Я отвечал, что ездил в Р**, к кузине.
– Вы очень любили вашу кузину?
– Да, она была мой дорогой, мой лучший друг.
– Когда вы узнали о смерти ее, вы были очень огорчены? Я отвечал, что чуть с ума не сошел и долго был болен.
– Вы думали, что она была отравлена?
– Да, и думаю до сих пор.
– Почему?
Враждебное чувство зашевелилось во мне при этом допросе. '«А?… – думал я. – Тебе это нужно знать? Смотри, не обожгись». Я отвечал, что мне известны вещи, которые не оставляют места сомнению.
– Что же вам известно?
– Все.
Что-то сорвалось на клавишах, звуки игры стали тише, умолкли, и она обернулась ко мне совсем. Лицо ее было бледно и холодно, словно застывшее, но черты выражали решимость.
– Это неправда.
– Почем вы знаете?
– Тут нечего знать. Это ясно. Если б вы знали все, вы не держали бы этого в тайне. Я, по крайней мере, понять не могу. Как можно, зная такие вещи, молчать? Если она была отравлена, и если она была, как вы говорите, ваш лучший друг…
– Так что же?
– И если вы знаете, кто это сделал?
– Знаю.
– Чего же вы дожидаетесь? Почему не отомстите за ее смерть?
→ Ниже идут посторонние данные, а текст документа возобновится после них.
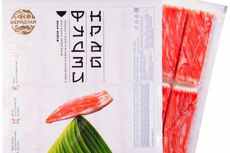 Срок годности в днях: 75Состав: Рыбный фарш «Сурими» (фарш из южной путассу, из минтая, сахар, влагоудерживающие агенты сорбит и полифосфаты), вода, яичный белок, крахмал пшеничный, крахмал картофельный, ароматизаторы пищевые (глюкозный сироп, вкусоароматические вещества, соевый соус (вода, соя, пшеница, соль), усилители вкуса и аромата Е621 и Е635), сахар, соль (содержит антислеживающий агент Е536), масло подсолнечное рафинированное дезодорированное, стабилизатор карбонат кальция, красители натуральные (кармины и экстракт паприки), регулятор кислотности трифосфат натрия и влагоудерживающий агент полифосфат натрия. Возможно наличие следов молока.Пищевая ценность: Калорийность: 95Белки: 10.2Жиры: 0.7Углеводы: 11.7Страна изготовления: РоссияПроизводитель: Меридиан

Вопрос был прост, но он затруднил меня в высшей степени, потому что коснулся как раз самого слабого места моей импровизации.
– Почему вы думаете, что я желаю мстить? – сказал я уклончиво.
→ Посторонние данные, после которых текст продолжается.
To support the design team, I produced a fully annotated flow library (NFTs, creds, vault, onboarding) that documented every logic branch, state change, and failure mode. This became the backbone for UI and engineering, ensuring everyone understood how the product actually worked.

Эффект вышел совсем неожиданный.
– Как, почему я думаю? – отвечала она, широко открывая глаза. – Я… ничего не думаю. Я… так… спросила. – Лицо ее вдруг оттаяло, решимость исчезла; она сидела сконфуженная и изумленная.
– Я не палач, – продолжал я, – и не чувствую никакой охоты быть палачом.
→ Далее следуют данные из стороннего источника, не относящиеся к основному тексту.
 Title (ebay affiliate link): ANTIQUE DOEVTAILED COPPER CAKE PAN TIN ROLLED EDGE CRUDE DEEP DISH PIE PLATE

– Простите, – шептала она, краснея. – Я вижу, что сказала глупость. Выходит, что я еще мало знаю вас и мало умею ценить. Но вы отчасти сами в том виноваты. Зачем, скажите, зачем вы не хотите быть со мной искренним? Или я не заслуживаю доверия? Скажите мне, наконец, хоть это, чтобы я уже знала, что я такое в ваших глазах.
– Послушайте, – отвечал я, – это несправедливо. Вы не можете обвинять меня в неискренности на том основании, что я вам сказал не все. Есть случаи, когда слово равняется делу, и в таких случаях тайна бывает часто фатальной необходимостью. Но я все-таки вам сказал гораздо более, чем кому-нибудь. А вы? Юлия Николаевна! Решите сами, по совести, руку на сердце: кто из нас двух в долгу по части искренности?
Мы замолчали. Она сидела не шевелясь, с каким-то бесцельным, растерянным взором.
– Не знаю, – сказала она минуту спустя. – Но мне что-то сдается, что я вам сказала сегодня больше, чем должна и чем желала сказать, и уж наверно больше, чем вы заслуживаете.
Я вспомнил ее поцелуй, и мне стало немножко совестно. «Действительно, – думал я, – она права; по этому счету я перед ней кругом в долгу…» Не зная, как ей дать знать, что я это чувствую, я взял ее руку и молча поцеловал. Лицо ее прояснилось.
– Ах, да, – сказала она, – покажите руки. Вы очень их обожгли? Бедняжка! Это моя вина. Я совсем разучилась курить. А прежде, помните?… И как это весело было тогда: эта цыганщина, эта свобода! Помните наш разговор?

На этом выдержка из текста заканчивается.